HomeArtificial IntelligenceOpenAI introduces the GPT-4o Omni model, which now supports ChatGPT

OpenAI introduces the GPT-4o Omni model, which now supports ChatGPT

OpenAI announced a brand new flagship model for generative AI on Monday that it's calling GPT-4o — the “o” stands for “omni,” referring to the model's ability to process text, voice and video. GPT-4o is anticipated to be rolled out “iteratively” across the corporate’s developer- and consumer-facing products over the following few weeks.

Mira Murati, CTO of OpenAI, said that GPT-4o provides “GPT-4 level” information but enhances GPT-4’s capabilities across multiple modalities and media.

“GPT-4o reasons for speech, text and image,” Murati said Monday during a streamed presentation at OpenAI’s offices in San Francisco. “And that’s incredibly essential because we’re looking into the longer term of interaction between us and machines.”

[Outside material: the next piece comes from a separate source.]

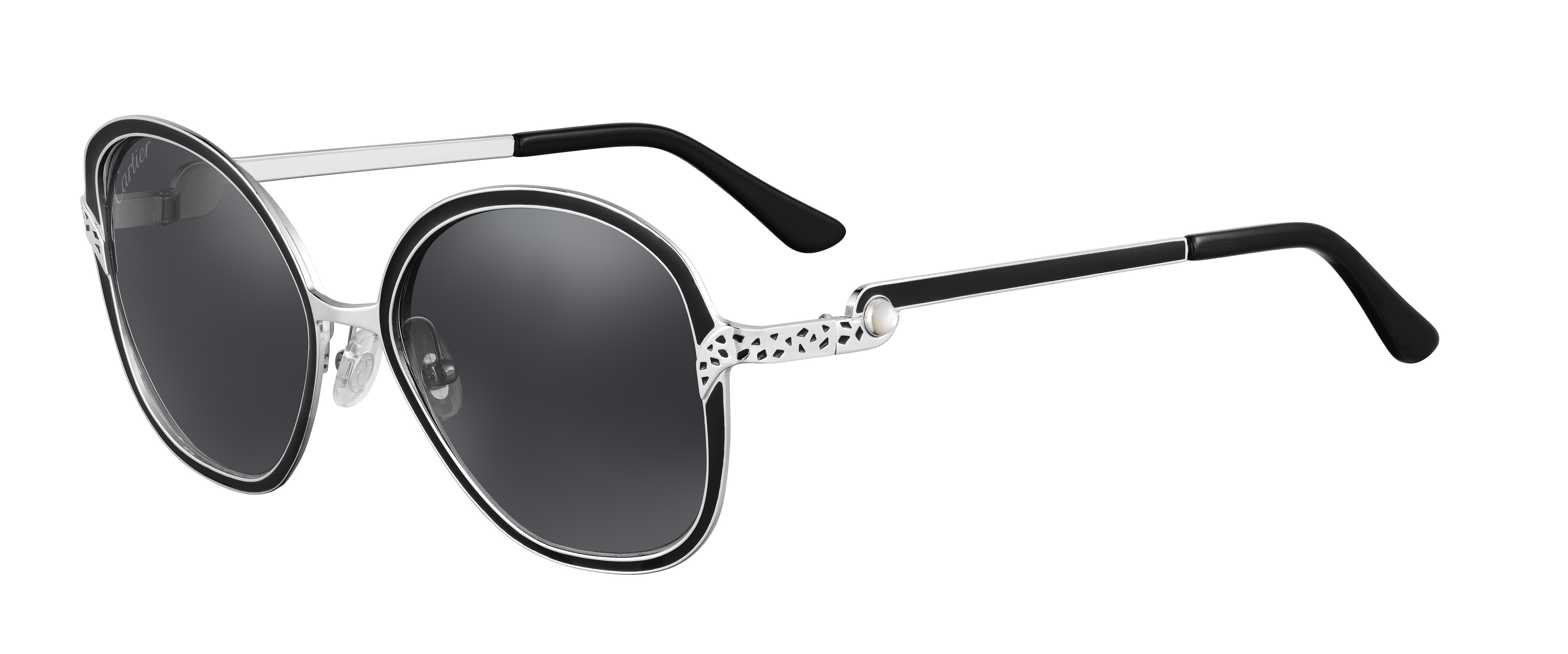 Ювелирный дом Cartier представил четыре новых модели солнцезащитных очков, объединив их в одну коллекцию Panthere Devine. Две модели выполнены в форме «кошачий глаз» (ну куда же без любимой Домом хищницы), две – в прямоугольной оправе. Дужки очков украшены кабошоном из оникса или перламутра, дужки очков в форме «кошачий глаз» украшены «лаковыми пятнами», что еще больше роднит аксессуар с легендарной пантерой — символом Cartier.

GPT-4 Turbo, OpenAI's previous “leading “most advanced” model, was trained on a mixture of images and text and will analyze images and text to perform tasks resembling extracting text from images and even describing the content of them images to meet. But GPT-4o adds language to the combination.

What makes this possible? Quite a lot of things.

Photo credit: OpenAI

GPT-4o significantly improves the experience in OpenAI's AI-powered chatbot ChatGPT. The platform has long offered a voice mode that transcribes the chatbot's responses using a text-to-speech model. However, GPT-4o expands this mode several times, allowing users to interact with ChatGPT more like an assistant.

For example, users can ask the GPT-4o-based ChatGPT an issue and pause ChatGPT while it responds. According to OpenAI, the model delivers “real-time” responsiveness and may even detect nuances in a user’s voice and generate voices in “various emotional styles” (including singing) in response.

GPT-4o also improves ChatGPT's vision capabilities. Using a photograph – or a desktop screen – ChatGPT can now quickly answer related questions on topics like “What’s happening on this software code?” to “What brand of blouse is that this person wearing?”

ChatGPT desktop app is utilized in a coding task.
Photo credit: OpenAI

These features will evolve in the longer term, says Murati. While today GPT-4o can have a look at a picture of a menu in one other language and translate it, in the longer term the model could allow ChatGPT to, for instance, “watch” a live sports game and explain the principles to you.

“We know that these models have gotten increasingly complex, but we would like the experience of interaction to truly change into more natural and easy, and so that you just don't should concentrate on the interface in any respect, but can just concentrate on collaborating with ChatGPT,” said Murati . “Over the previous few years we've focused so much on improving the intelligence of those models… But that is the primary time we're really taking a giant step forward in relation to usability.”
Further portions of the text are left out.